The railroad acquisition in Michigan and improvements to track infrastructure, signals, crossings and safety systems along the route represent a total federal investment of $347 million.
"At MDOT’s direction, Amtrak work crews have corrected years of deferred maintenance and have taken over dispatching," Joe McHugh, Amtrak vice president of state-supported services said in a statement. "We have created the longest railroad segment outside the northeast that is being made ready for an even more reliable and faster Amtrak service."
But those improvements in Michigan wouldn’t mean much if Amtrak trains were subjected to delays getting in and out of Chicago, which had been a long-standing problem with passenger rail service in the Midwest. Two Chicago-area bottlenecks were largely eliminated during the Obama administration. The first, the Englewood Flyover, on Chicago’s South Side, allows Metra commuter rail trains to pass over tracks used by Amtrak trains; the second, the Indiana Gateway project, improved tracks for passenger trains going in and out of Chicago from points east, including the complex Porter rail junction.
In February 2012, the federal government approved 110-mph speeds for trains along the 97-mile Amtrak-owned portion of the route once positive-train control was installed and activated along the route.
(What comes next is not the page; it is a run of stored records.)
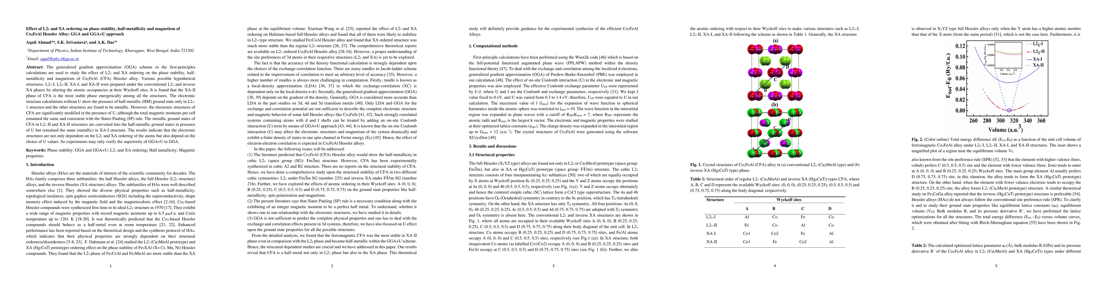 This study investigates the impact of L21 and XA ordering on the phase stability, half-metallicity, and magnetism of Co2FeAl Heusler alloy using GGA and GGA+U calculations. The XA-II phase is found to be the most stable, while L21-I exhibits half-metallicity without U, but GGA+U converts metallic states in L21-II and XA-II to half-metallic, highlighting the dependence of electronic structure on both atomic ordering and U value selection.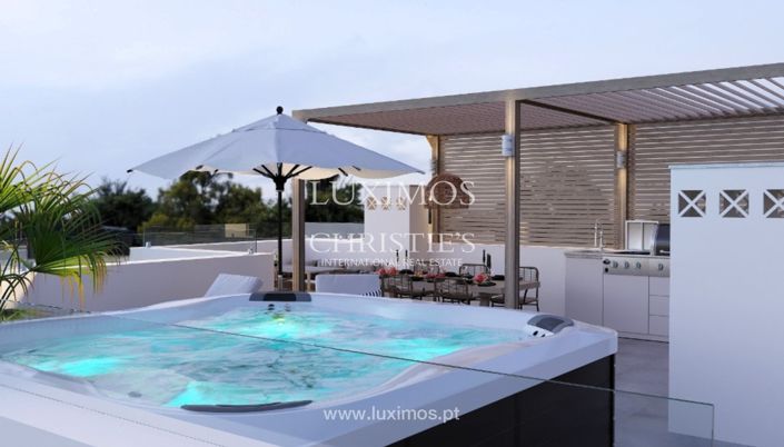 Appartement moderne et spacieux de quatre chambres dans un complexe résidentiel à Armação de Pera, Algarve, à 300 mètres de la plage.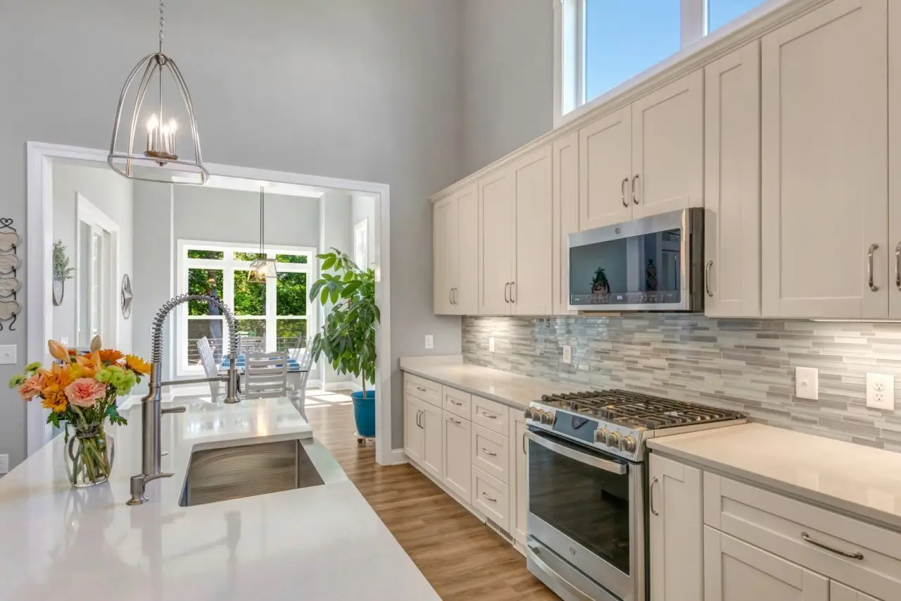 Multiple outdoor spaces - covered porch, screened porch, and large patio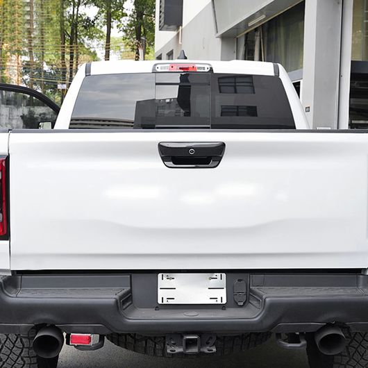 適用: ダッジ・ラム 1500 TRX 2021 2022 2023 ABS エクステリア テールゲート ドア ハンドル ボウル カバー トリム 2ピース カーボン スタイル・光沢ブラック SR-BB-5407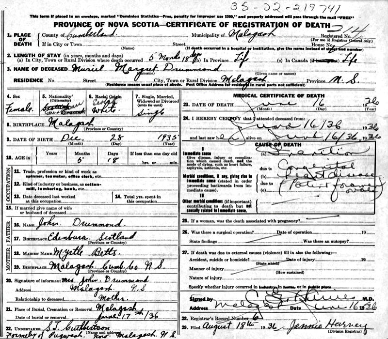 Parents Father: DRUMMOND, John Mother: BETTS, Myrtle Alma Birth Born on December 28, 1935 in Malagash, Cumberland Co., NS Death Died on June 16, 1936 in Malagash, Cumberland Co., NS Buried in Malagash United Church Cemetery Malagash,NS in Malagash, Cumberland Co., NS Notes Death: Inanition/ Congenital Heart Disease Sources Cumberland Cemetery Records: Malagash United Church Cemetery Malagash,NS Images Muriel Drummond Death
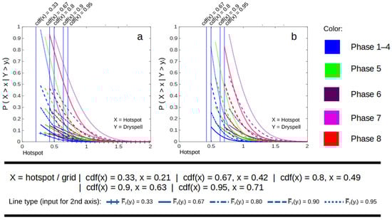 In increasing hotspot probabilities, phase 6 has the highest impact on dry spell–hotspot joint probability, followed by phases 8 and 7, which have very similar impacts. An unclear impact occurred in phase 5, resulting in less dependency in Figure 11. The probability of a hotspot in Figure 12 is increased compared to phases 1–4. Figure 12 depicts the dryer conditions during phase 5, which is more consistent with previous research [,,].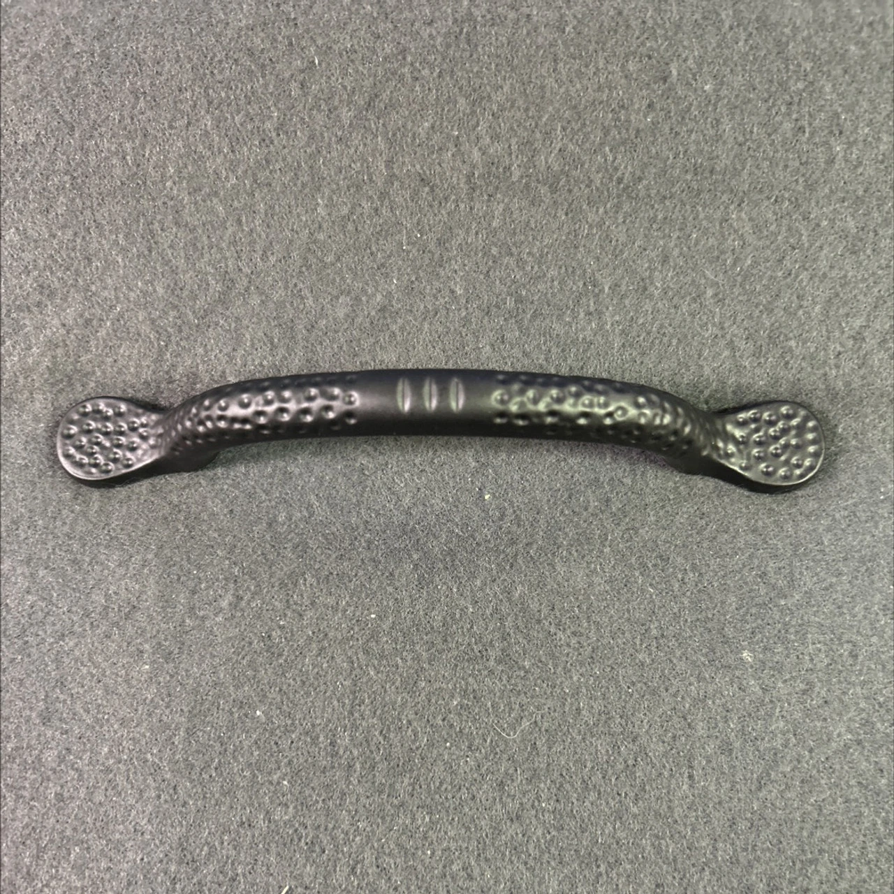 This hammered pull has a spoon foot on each side with a bow in the middle. Perfect look for an aged room decor.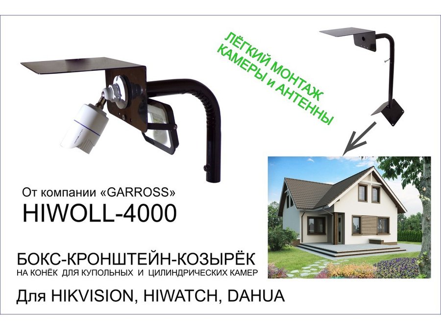 • Кронштейн с козырьком предназначен для крепления видеокамер и защиты их от дождя, снега и солнца.
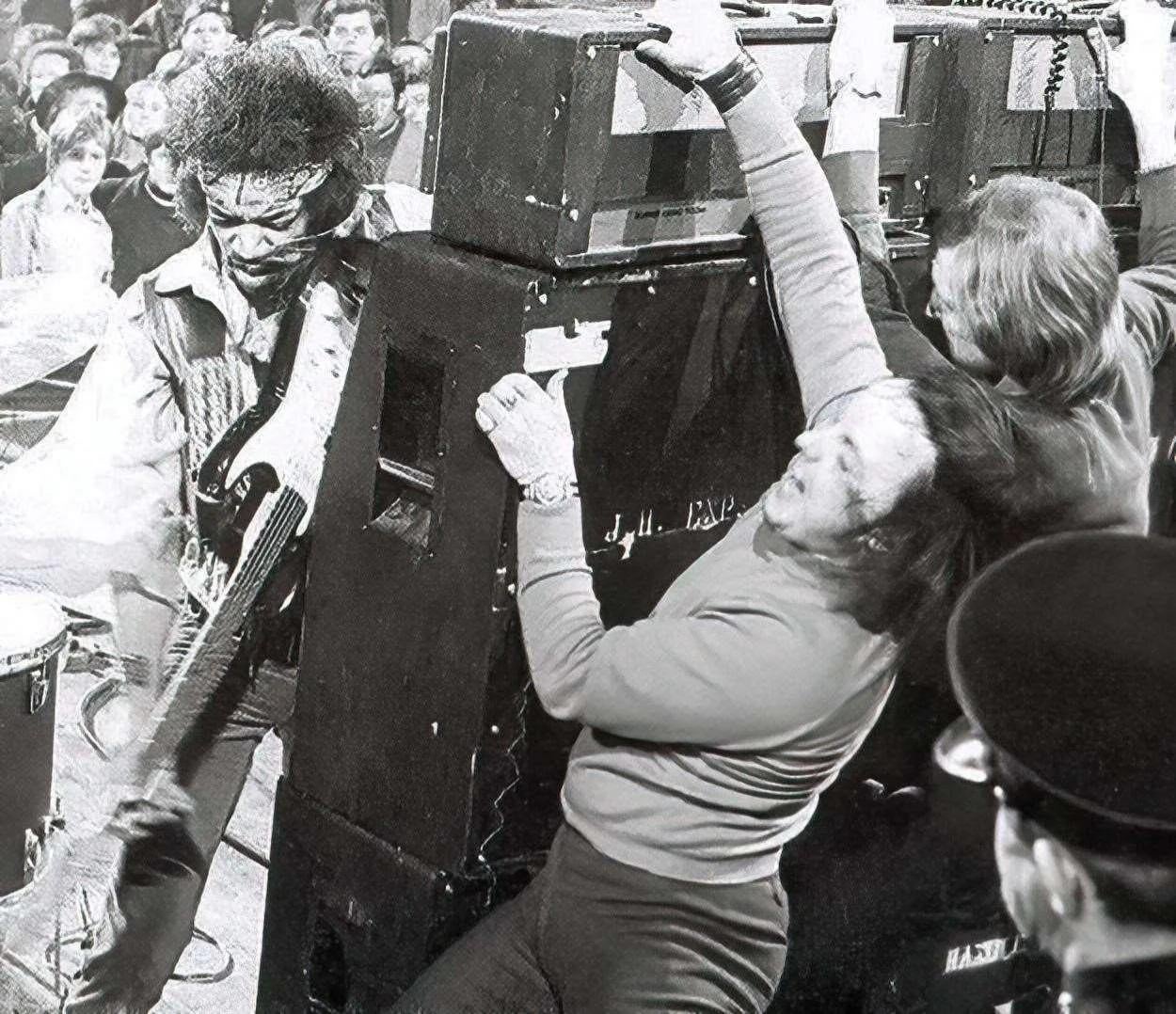 Roadies for Jimi Hendrix holding up his amps while Jimi humps them with his guitar to intentionally create feedback. (1969)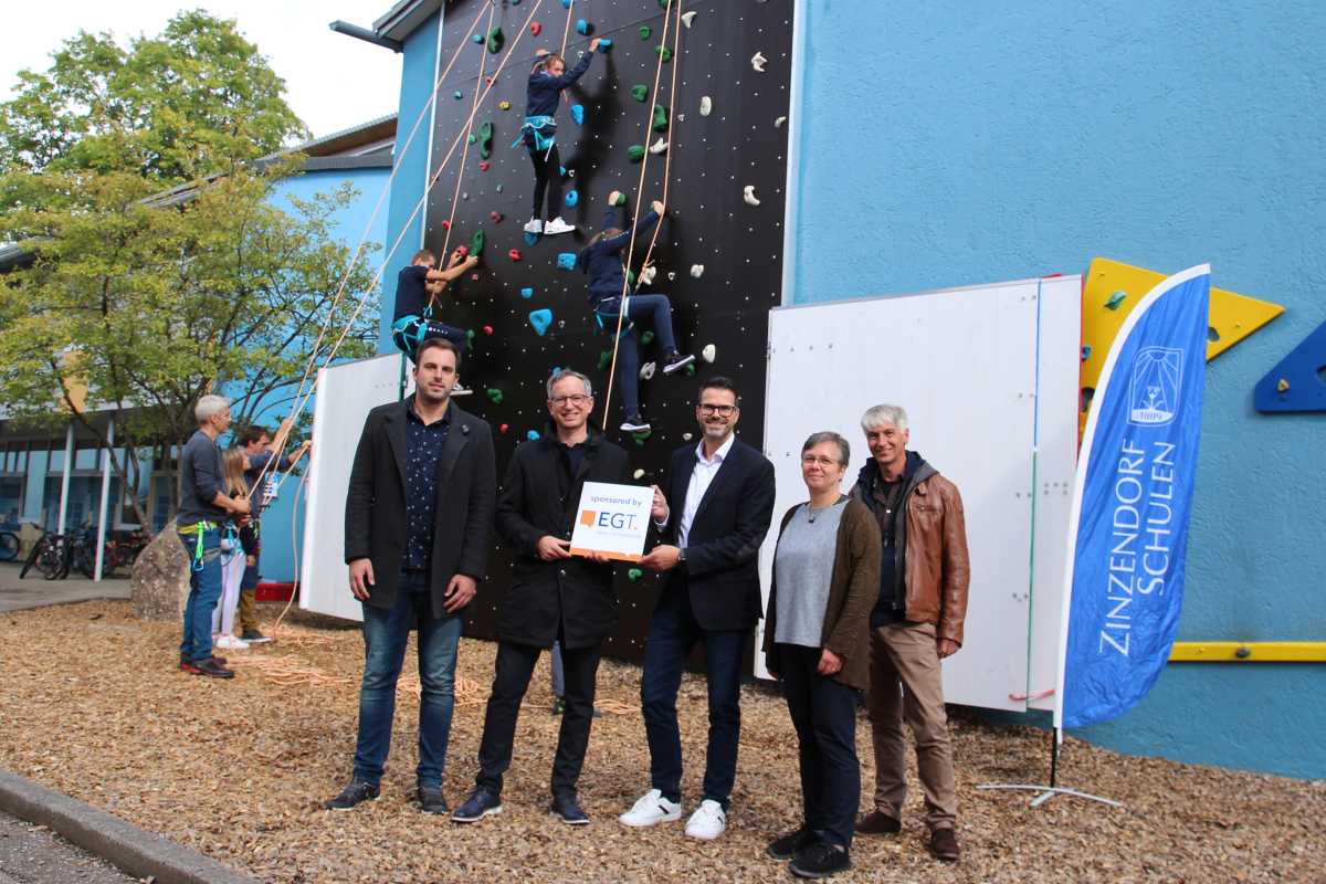 14000 Euro waren allein für die Wand samt Unterbau an der Fassade des Amos-Comenius-Hauses nötig, hinzu kamen 3500 Euro an Ausrüstung wie Seilen, Karabinern und Gurten. Die EGT AG, die sich seit zehn Jahren als Bildungspartner der Zinzendorfschulen engagiert, förderte die Kletterwand mit 10000 Euro. „Das war uns eine große Hilfe“, bedankte sich Schulleiterin Sr. Terno beim EGT-Vorstand Jens Buchholz.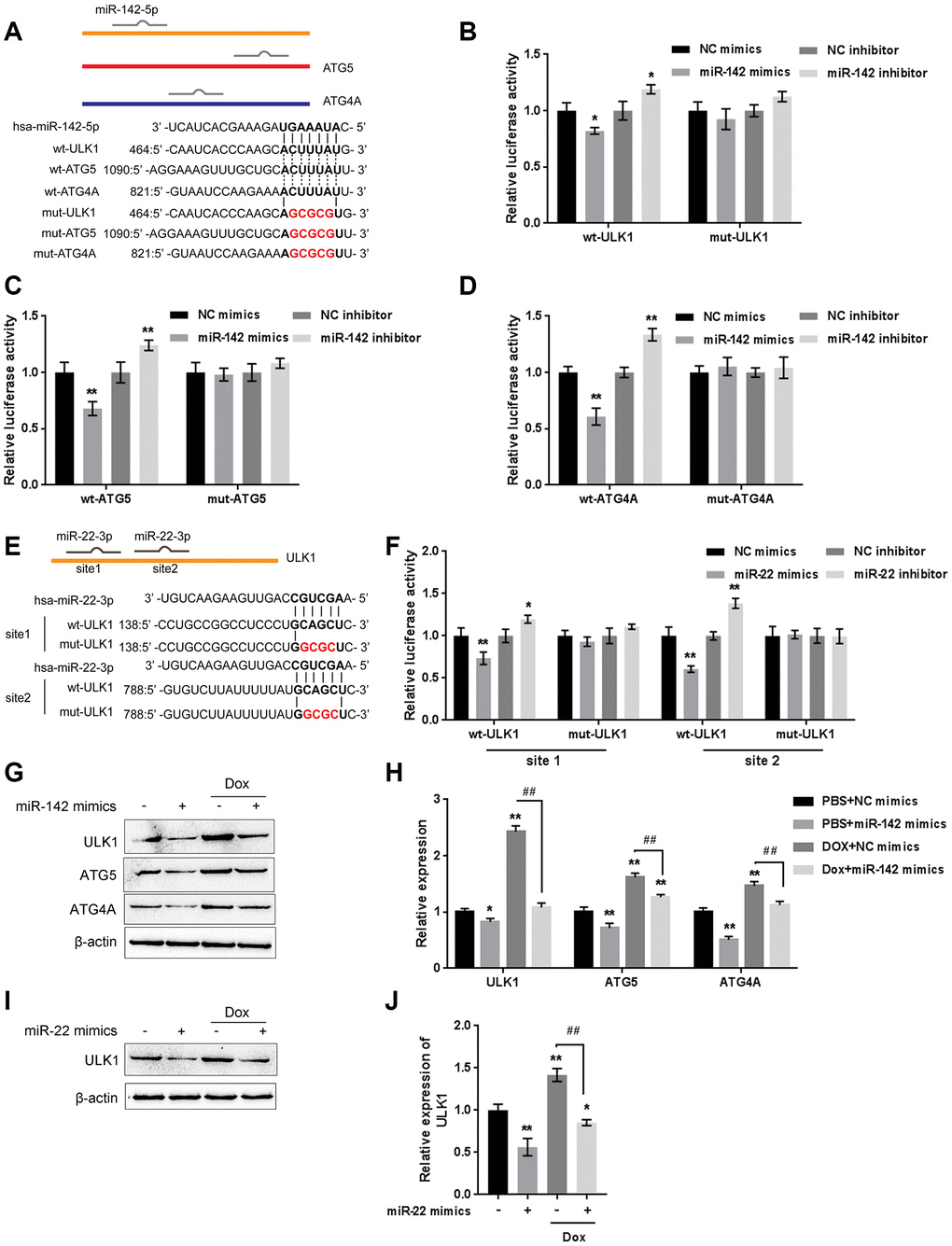 Next, the effect of miR-142 and miR-22 on the above-described factors was investigated under Dox treatment. The protein levels of ULK1, ATG4A, and ATG5 were markedly decreased by miR-142 overexpression but increased by Dox treatment, and Dox-induced ULK1, ATG4A, and ATG5 upregulation was partially reversed by miR-142 overexpression (Figure 7G, 7H). Similarly, ULK1 protein was significantly decreased by miR-22 overexpression but increased by Dox treatment, and Dox-induced ULK1 upregulation was partially reversed by miR-22 overexpression (Figure 7I, 7J). These data indicate that miR-142 targets ULK1, ATG4A, and ATG5, and miR-22 targets ULK1 to regulate the expression of these critical autophagy-related factors upon Dox treatment.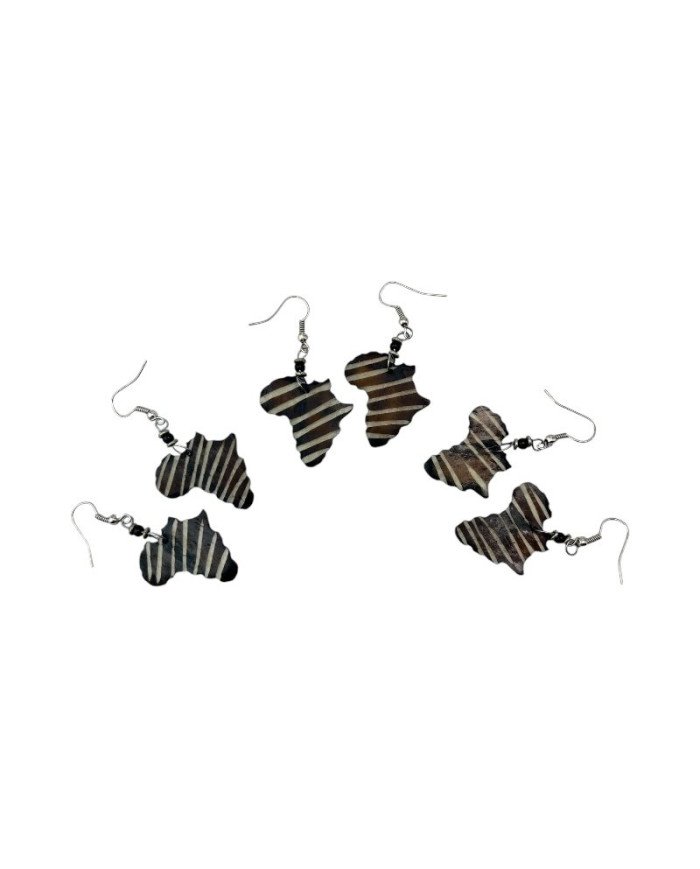 Celebrate African heritage with our Mistari Africa Bone Earrings, a stunning piece of handmade African jewelry. Crafted from natural bone, these earrings are uniquely shaped like the African continent, capturing the essence of the land. The rich brown color contrasted with bold white stripes creates a visually striking effect, making them a standout accessory. Each pair is meticulously handcrafted, reflecting traditional artistry and modern style. Perfect for adding a touch of cultural elegance to any outfit, these earrings are a meaningful and stylish choice for any occasion. Embrace the beauty and heritage of Africa with these distinctive earrings.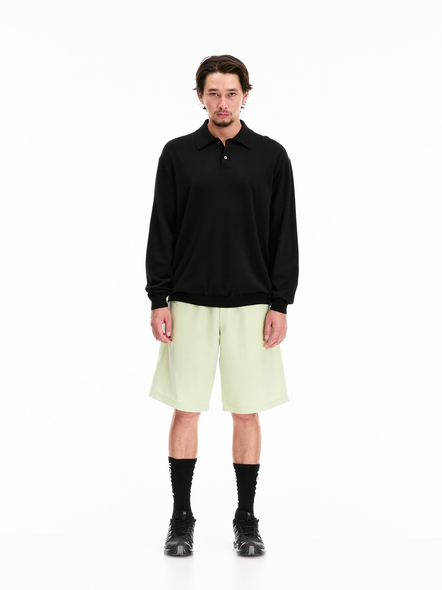 An everyday wear long-sleeve polo shirt, made with a blended yarn of silk and cotton. Featuring a soft handfeel,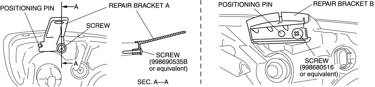 - Verify that the front combination light is not damaged before using the repair bracket for installation when the original brackets are damaged. If the front combination light component is damaged, replace the light as a single unit.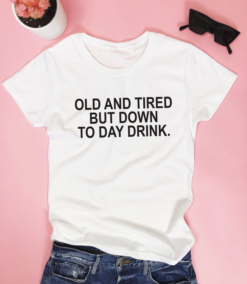 Old and tired but down to day drink Women tshirt Cotton Casual Funny t shirt Lady Yong Girl Top Tee Drop Ship S-518
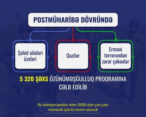 Şəhid ailələri üzvləri, qazilər və erməni terrorundan zərər çəkənlərdən ibarət 5320 şəxs özünüməşğulluq proqramına cəlb edilib 7 Oktyabr 2021 16:38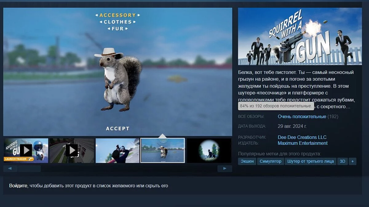 На ПК вышел симулятор белки с пистолетом, который уже получил в Steam очень положительные отзывы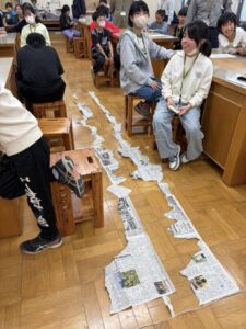 その後、縦割り班になり、アイスブレイクとして、班対抗で新聞紙ちぎりゲームを行いました。
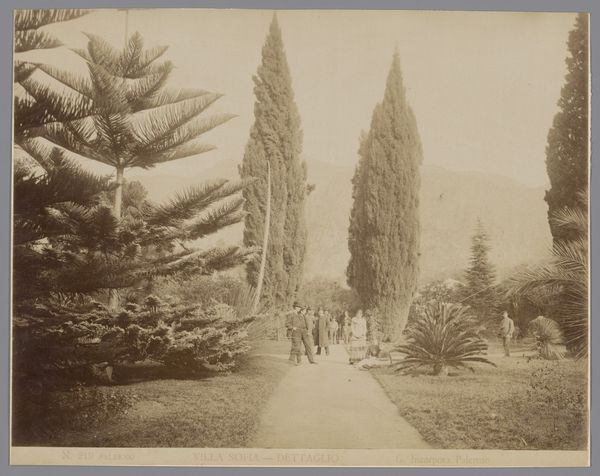 Curator: A sepia dream, isn't it? Before us, we have Luigi Pesce's "Bagh-takt a chiraz," captured in 1858. It resides now in the collection of the Metropolitan Museum of Art. Editor: Immediately, I'm struck by the reflections. The interplay of light on the water almost obscures what's above, turning it into pure form and tonality. A muted, dreamy effect. Curator: This photograph provides a glimpse into 19th-century Persia, reflecting a Western fascination with the "Orient," and of course, the socio-political implications of representing another culture. What are we meant to see? And what is Pesce showing? Editor: Showing, certainly, the power of composition. The strong verticals of the trees punctuate the horizontality of the pool, while the architecture anchors the left side, creating balance, albeit in a decidedly muted key. I find the house a bit severe looking in style for being called a paradise! Curator: Indeed. It raises the question: whose paradise? Certainly, these photographic expeditions served not only artistic interests but also imperial ones, mapping and documenting for strategic purposes. But what meaning is truly represented is forever locked by cultural shifts and by seeing from an external viewer looking inside. Editor: Perhaps. But looking purely at the photographic artistry, the almost monochromatic palette lends a timelessness. The softness—likely from the limitations of early photography— paradoxically adds to its ethereal quality. Did the socio-economic landscape dictate what an artist could technically capture? Curator: Certainly the limitations would constrain artistic ability, the lack of widespread wealth allowing those expeditions to bloom at certain social echelons, but art still blossoms from all levels of the classes! Though, the Orientalist gaze cannot be ignored; how Persian culture and landscape were marketed to a Western audience through photography undeniably influenced public opinion and subsequent political actions. Editor: Perhaps we impose too much now with historical hindsight, but if we accept that lens it does indeed lend a weight, to its serenity. Well, thank you, it’s given me much to contemplate regarding form, content, and context today! Curator: Absolutely, my pleasure, a fascinating interplay of representation and intention!

For comparison, at the beginning of this century, Amtrak trains were only allowed to travel 79 mph along the same tracks.
As Route Fifty has previously reported, using Amtrak’s faster train service in Michigan offers a nice alternative to driving into and out of Chicago. It’s also a good transportation asset for Kalamazoo, home to Western Michigan University and 75,000 local residents. The city is now about three hours away from downtown Chicago by train, meaning that without traffic, the same trip along Interstate 94 is about two and a half hours, making Amtrak more competitive with driving.
It’s an especially appealing option during the winter, when strong bands of lake-effect snow can lead to major multi-vehicle pileups along Interstate 94 near Lake Michigan. And as most drivers in southern Michigan can attest, driving along the heavily trafficked I-94 can often be a nerve-wracking and frustrating experience.
What comes next for passenger rail service in Michigan? With federal priorities unclear when it comes to financing future infrastructure improvements, that’s hard to say, but the state has been studying a possible new cross-state rail service connecting Holland, Grand Rapids, Lansing and Detroit, cities that currently don’t have a direct passenger rail connection linking them.
That proposal is just a theoretical line on a map. It’s years and millions of dollars away for becoming a reality. As Michigan’s experience with the Chicago-Detroit line shows, it takes a lot of incremental steps to get there.
Michael Grass is Executive Editor of Government Executive’s Route Fifty and is based in Seattle.